That is not, that is not beta-d-manos, okay? Those are methyls. So please make sure that if you're drawing bonds and you don't put anything on the end it's a methyl. So if you want to add hydrogens you can certainly add hydrogens. Where you're going to get into trouble is these middle carbons here when you're drawing.
So these middle carbons it's sometimes hard to fit things in, okay? The other thing you want to do is sometimes you'll see them drawn in books, let me erase this one and then we'll re-fix it. So like for example, if I go up like that, see that?
Okay, if you draw it like that that means that now we have, if you do it like that that means that this carbon now is bonded to four different things. Do you see that? If you, the intersection of any two lines is a carbon.
So if you're going to draw it like that then you need to break the back bond. So I'll do that, I'll erase this back bond here and I'll move that a little bit. So I think it might be easy, you break the back bond, right?
Just like that. That means that this is coming, this is in front of that but they're not bonded together. You don't want to break the front bond because then you're kind of doing like a little M.C. Escher thing going on there, it can't possibly be that way. So you can either make this bond really short like I did, that works, or you can
break the bond behind it. Okay? So it's your points on the test so you want to make sure that that's clear. And if you want to draw it and come show me and see if it's clear, I'll certainly let you know. Alright so now we also have to draw the Haworth projection and what I like to do is I like
to just flatten the chair. So now either memorize the Haworth of glucose and make changes or flatten the chair.
Alright so I'm going to add some more hydrogens here so you can see how I'm flattening the chair. So in a Haworth projection the ring oxygen is in the top right so our chair is going to exactly line up.

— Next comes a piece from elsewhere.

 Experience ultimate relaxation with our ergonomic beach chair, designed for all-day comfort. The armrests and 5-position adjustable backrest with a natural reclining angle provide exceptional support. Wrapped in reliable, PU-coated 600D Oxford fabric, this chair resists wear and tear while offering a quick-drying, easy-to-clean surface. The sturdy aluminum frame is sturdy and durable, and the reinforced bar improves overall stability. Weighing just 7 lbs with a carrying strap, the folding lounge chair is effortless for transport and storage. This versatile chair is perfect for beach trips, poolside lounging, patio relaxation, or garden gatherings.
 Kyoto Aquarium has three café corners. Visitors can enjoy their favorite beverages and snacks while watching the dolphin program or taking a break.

We wedge this guy right here and now all the bonds are straight up and down. This is carbon number one and so it's going to look like that. And so what you're looking for here is when you flatten the chair, notice that this hydroxyl is up above the hydrogen.

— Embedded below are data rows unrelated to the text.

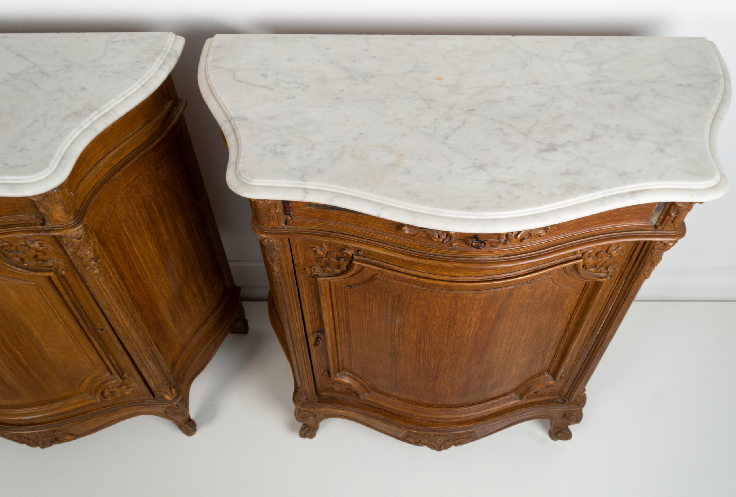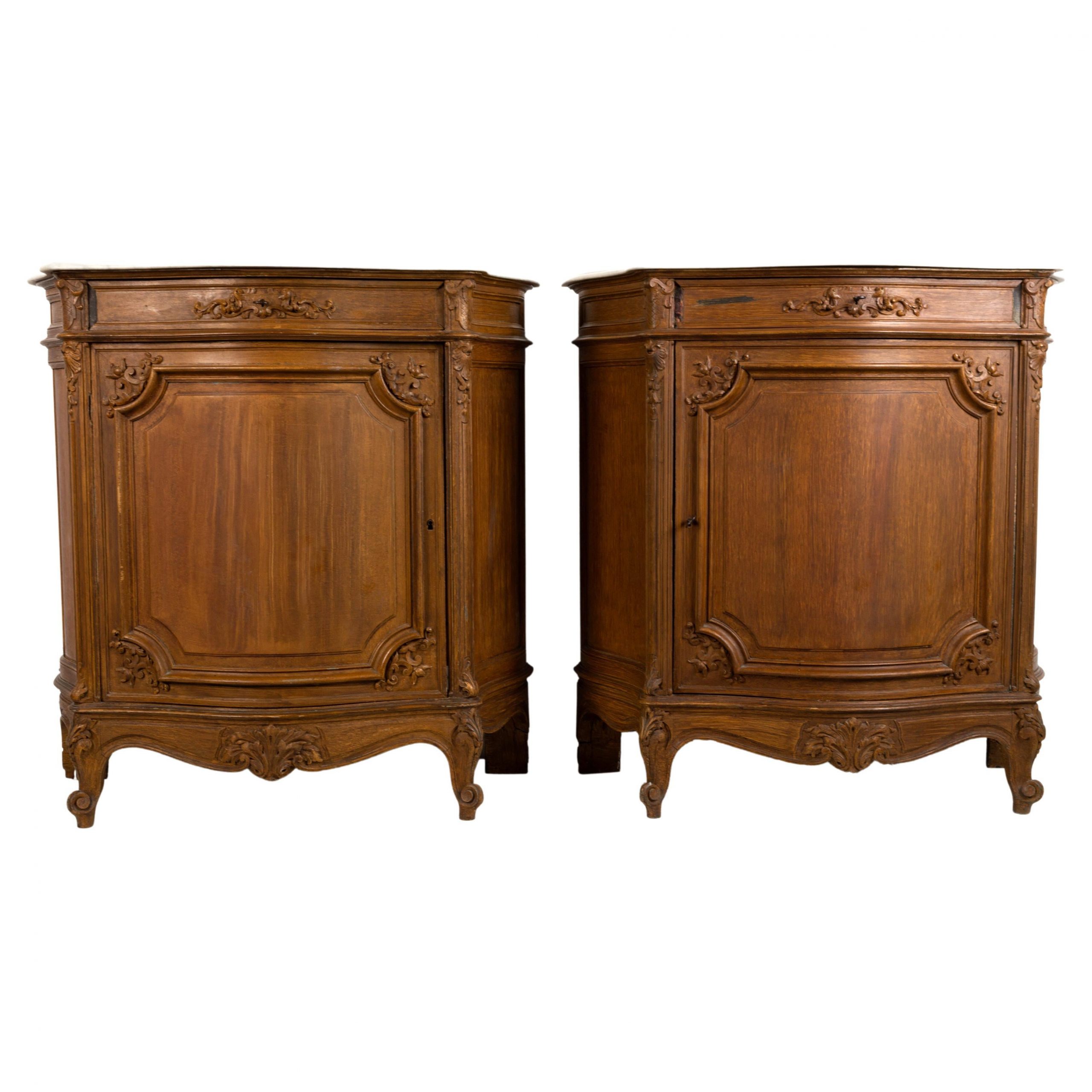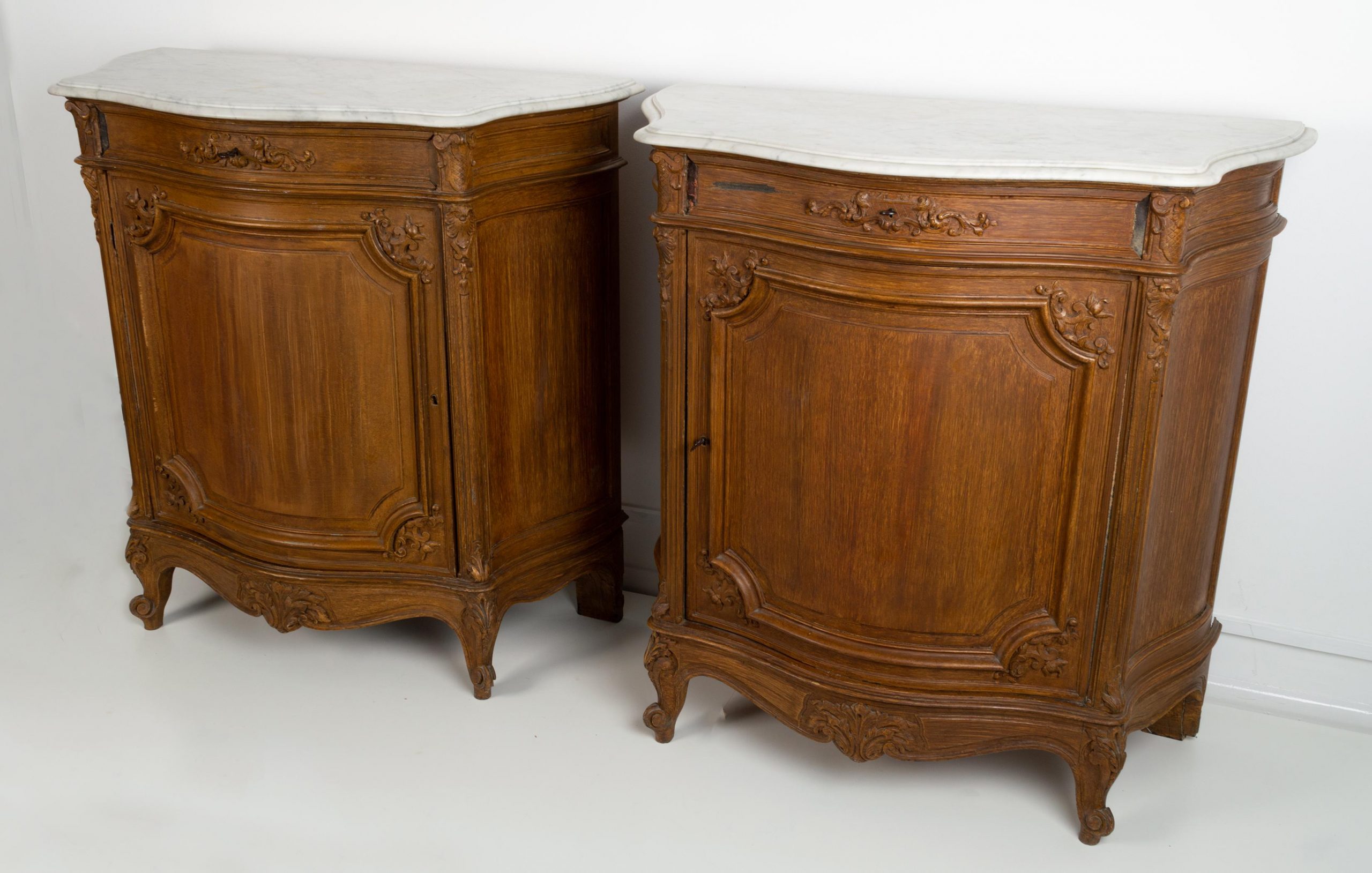 Pair Antique 19th Century French Marble Top Commodes Credenzas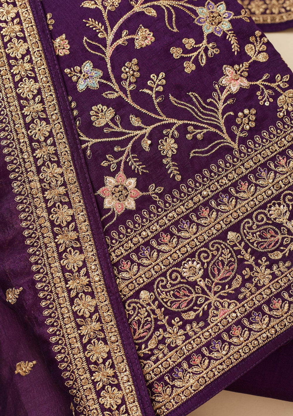 | Purple Zariwork (Gold) Chinon Unstitched Salwar Suit | $129.00 USD | |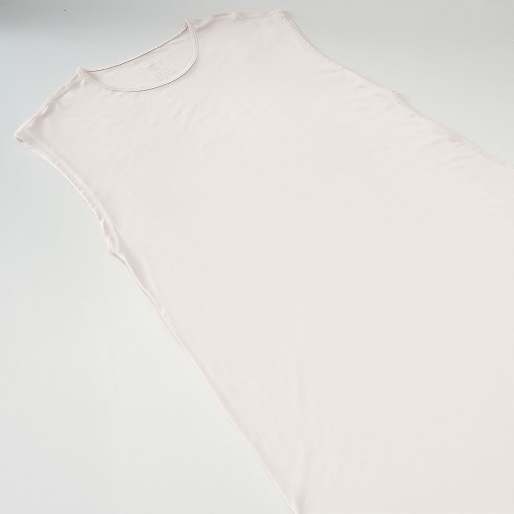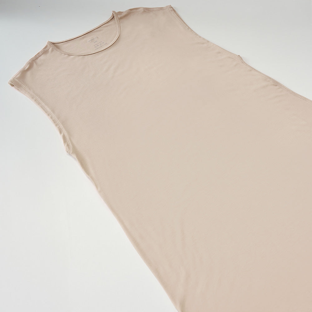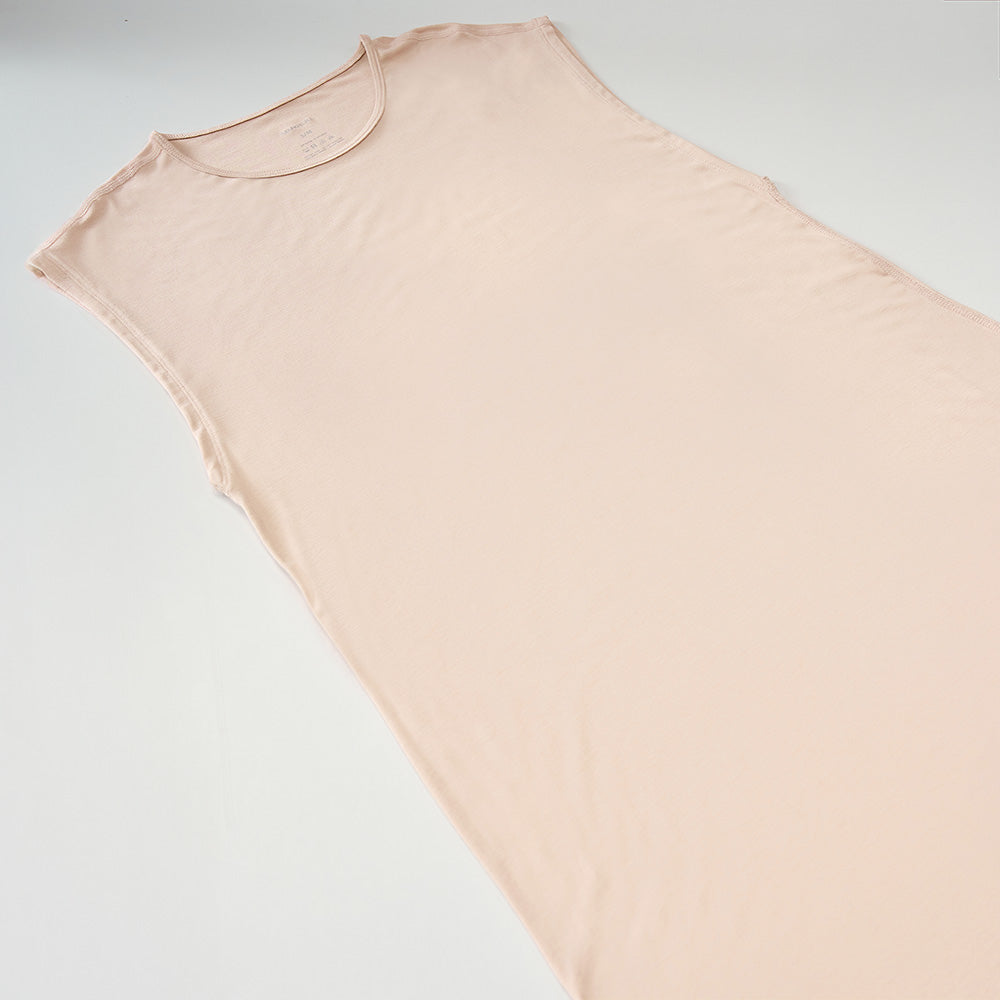 This round neck vest with seamless wide shoulder design is made to minimise the appearance of wearing an inner, while providing full bodice coverage and a comfy, cottony silk feel. Zippered front at the front for nursing ease.

It's on the same carbon so it's up. This hydroxyl is also up. That sounds like, that's my ring but it doesn't sound like it's coming from here. Nope, somebody else is. Okay so that hydroxyl's up, this is up.
Above the hydrogen it's on the same carbon. This hydroxyl's also up above the hydrogen on the same carbon. This hydroxyl is down below the hydrogen that's on the same carbon and this CH2OH is up. And this CH2OH is always up for D sugars so you're going to make sure you get that right. So that's all I'm doing here is I'm looking at this, this hydroxyl is up.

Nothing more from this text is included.